Reviewer 7$
To clarify, subtree queries are performed using the current state of the sampler, not independently.

At any given time, the current tree satisfies all triplets supplied by the user. When a new triplet is added,
the current tree is restructured to accommodate the triplet, effectively starting a new Markov Chain. 
Aperiodicity holds in the presence of triplets regardless
of when or how the triplets are obtained -- we show that the state space of the Markov chain remains strongly connected when limited to moves
that respect triplets.

In terms of the variance, the idea is to estimate it at the current posterior. Thus we sample a fixed number of trees from the posterior and then compute
the variance with respect to these.

We greatly appreciate this feedback and will do our best to make these aspects of our paper more clear in the writing.
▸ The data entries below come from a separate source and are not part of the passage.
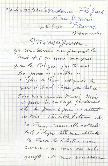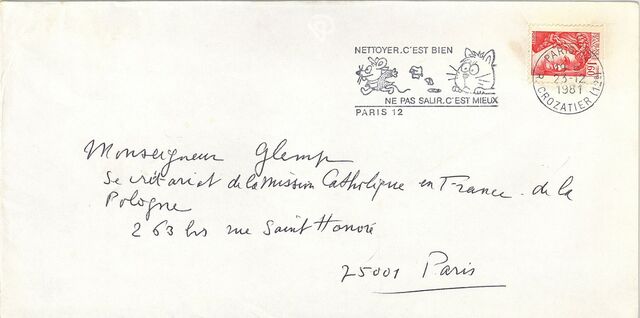 Kolekcja: | Archiwa > Francuskie listy do księdza kardynała Józefa Glempa z okresu stanu wojennego > 36-12393-12514 |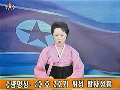 穿著粉紅色韓服的女主播,坐在展示北韓國旗的螢幕前,用激昂、勝利式的語調報導:「第二版光明星三號衛星(Kwangmyongsong-3)十二月十二日由西海太空中心發射成功。衛星已按計畫進入軌道。」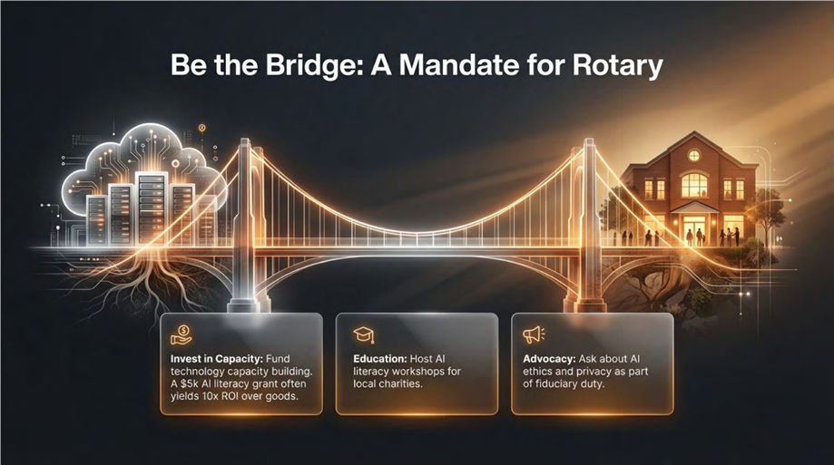 According to Bryan, just two months into the year, the structural shifts have been more disruptive and rapid than expected. We are now living in a new era of accelerating change unfolding at a dizzying pace each day. By the time a standard 20-minute Rotary presentation ends, over 1,000 new AI-driven tools will have been released worldwide, and with the new capabilities of tools such as Claude Code, these numbers will only increase. We are moving at lightning speed from "Assistive AI," chatbots that help us draft emails, to “Agentic AI." These autonomous agents operate under human-set goals, with the AI executing the entire workflow, from complex research to verification.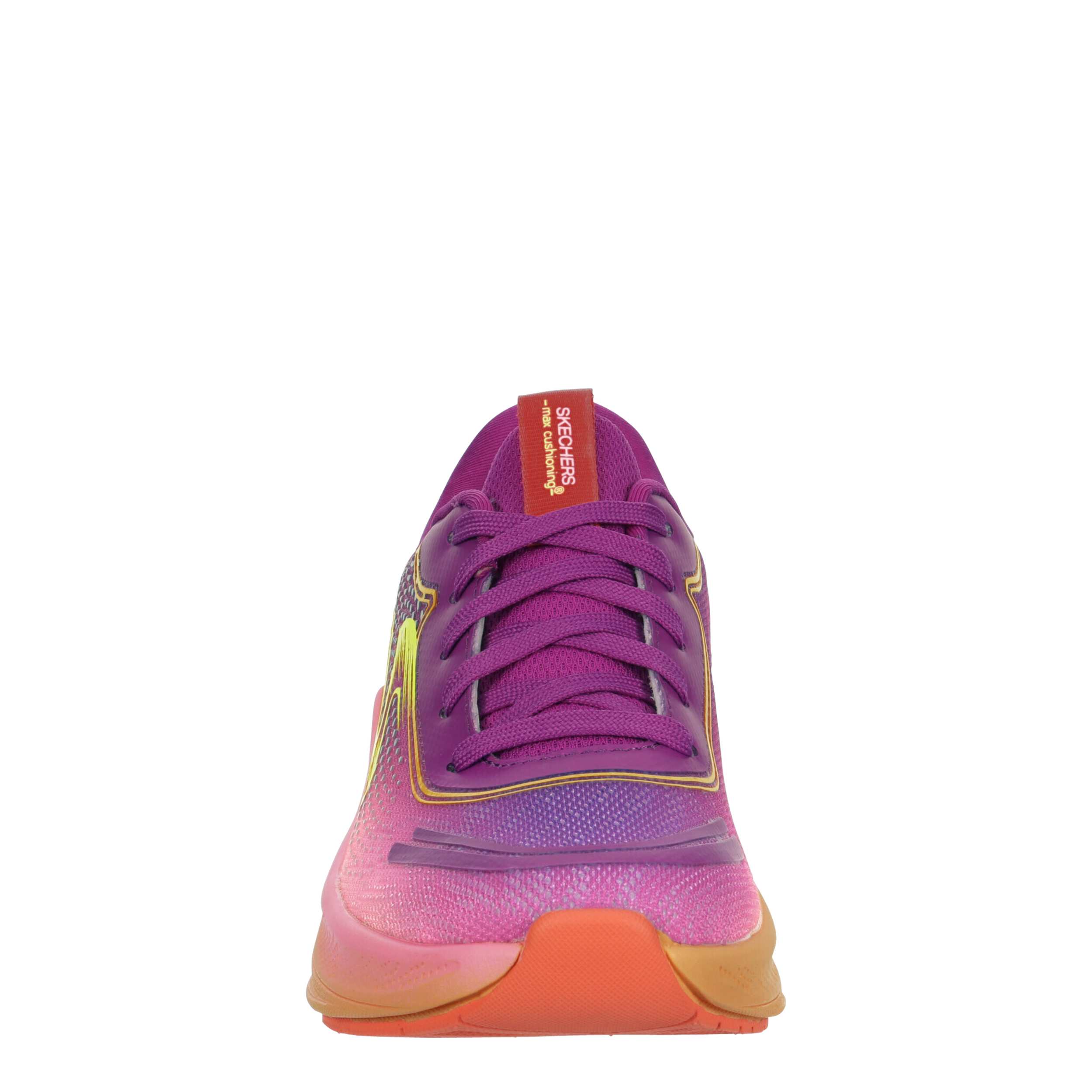 Don't let her fade in the Skechers Max Cushioning Ascendâ„¢ - Aura Speed sneaker from Skechers. Featuring an engineered mesh & synthetic upper, this machine washable shoe is sleek and comfy. The breathableSkechers Air-Cooled Goga Matâ„¢ provides high-rebound cushioning, while the outsole offers flexible traction.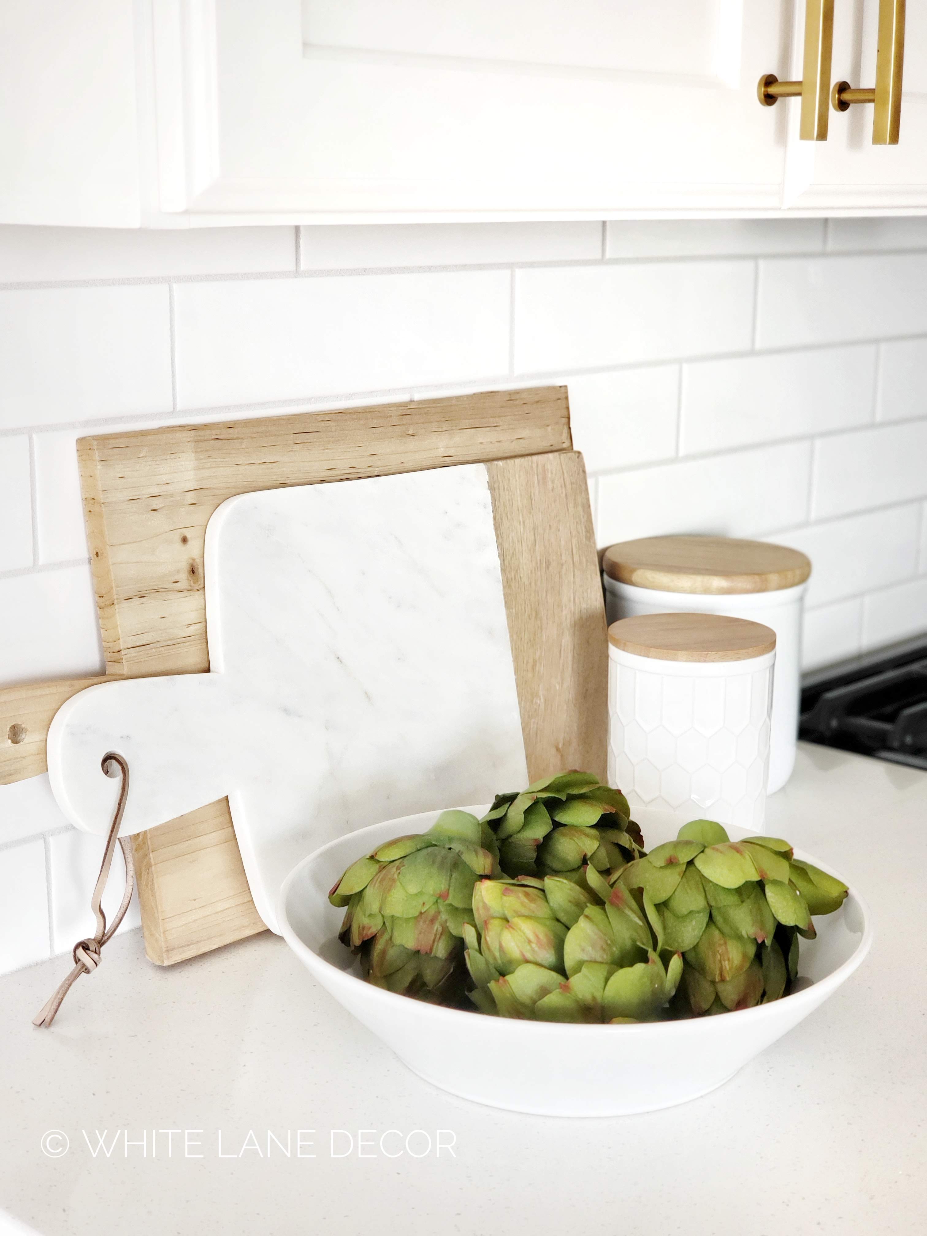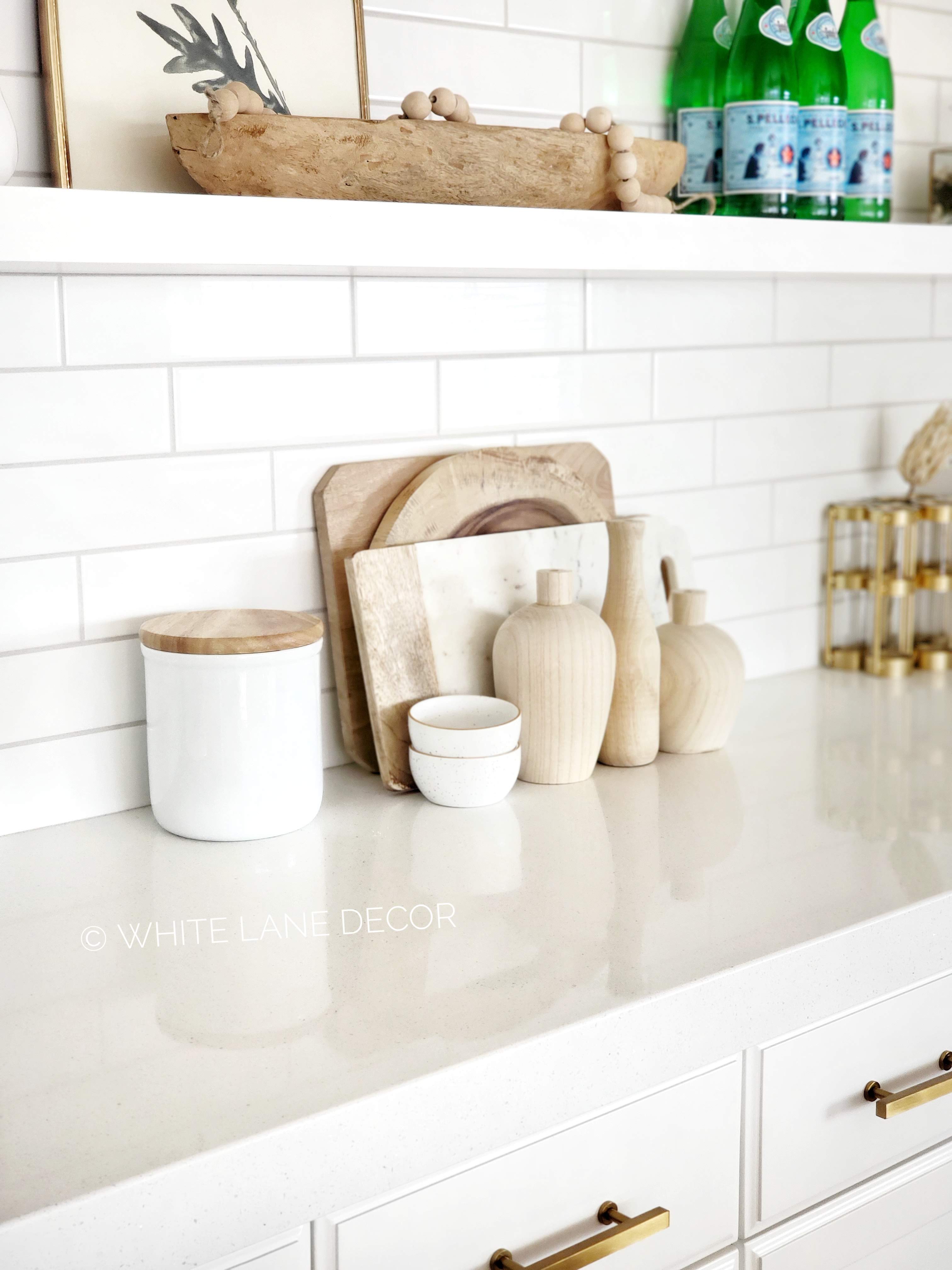 I also had to get a new runner that fit with my new changes. I am a neutral loving girl at heart. I have tried out many different options for this space but I always come back to my neutrals. This rug is so great because it has a rubber backing to help keep it in place. This Tillia marble cheeseboard is a must-have for countertops. The wood and marble together make such a beautiful statement. I filled in the rest of the counters with these awesome white canisters. They come in two sizes and I went with the ten-inch size. I even removed the lid to use one as a utensil holder. Finally, I found this wood vase set. I am obsessed with these vases. They can be used in so many applications for styling. A great staple to have around for any room.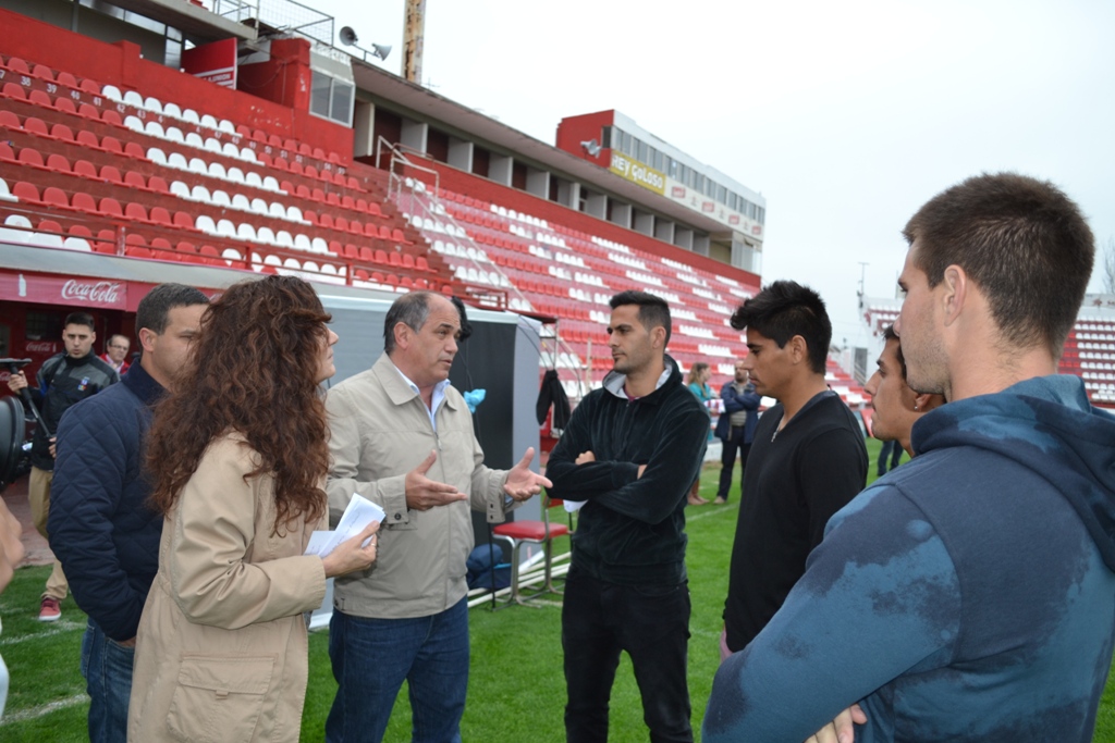 Como ocurriera semanas atrás en el Brigadier López, ahora llegó el turno del Estadio 15 de Abril, escenario donde se disputará el próximo domingo 4 de octubre otra edición del clásico santafesino. De la jornada participaron los jugadores de Colón, Matías Ballini y Gerónimo Poblete; y de Unión, Facundo Castro y Lucas Colitto; junto a alumnos secundarios de las escuelas, Nº 633 Centenario de Bolivia y Nº 527; y un grupo de jóvenes futbolistas pertenecientes a la Universidad Nacional del Litoral. También, asistieron, por Unión, el encargado del Departamento de Prensa y Relaciones Humanas, Nicolás Rucci; la prosecretaria, Gladys Nancy González; y el Gerente, Gustavo Recce; y los secretarios, de Actas e Información Pública y de Relaciones Públicas y Humanas del Club Colón, Pedro Passeggi y Lucas García, respectivamente.

In the experiments, the metric of quality used is the fraction of violated triplets (if we were to enumerate all possible triplets that the user might
supply). This is a user-centric quality metric, unlike say log-likelihood. It would be interesting to investigate other such user-centric metrics.

Reviewer 8

The comments about improving the experimental evaluation are much appreciated. We thank the reviewer for the suggestion of comparing 
the results we obtained to the results that would be obtained using user-feedback alone (i.e. ignoring geometry). This will be a great addition
to the paper. 

The question of which types of queries are reasonable to ask a user is crucial to the success of interactive machine learning, and in our view is a 
big open area. Many of our choices have been informed by considerations of this type. For instance, although triplet constraints are common,
the usual practice is to obtain these using triplet queries, in which the user is supplied with three items a,b,c, and has to specify which one is the
"odd one out". We expect that such queries will be very hard to answer in general (for instance --- which is the odd one out for "bear, squirrel, donkey"?).
Thus we supply the user with an entire subtree of 10 items, and the user need only identify one incorrect triplet, which should be much easier.

Reviewer 9

Indeed, there is a lot more theory to be worked out for this problem and it is quite nontrivial. The questions asked by the reviewer are very 
important ones, and would each require substantial mathematics.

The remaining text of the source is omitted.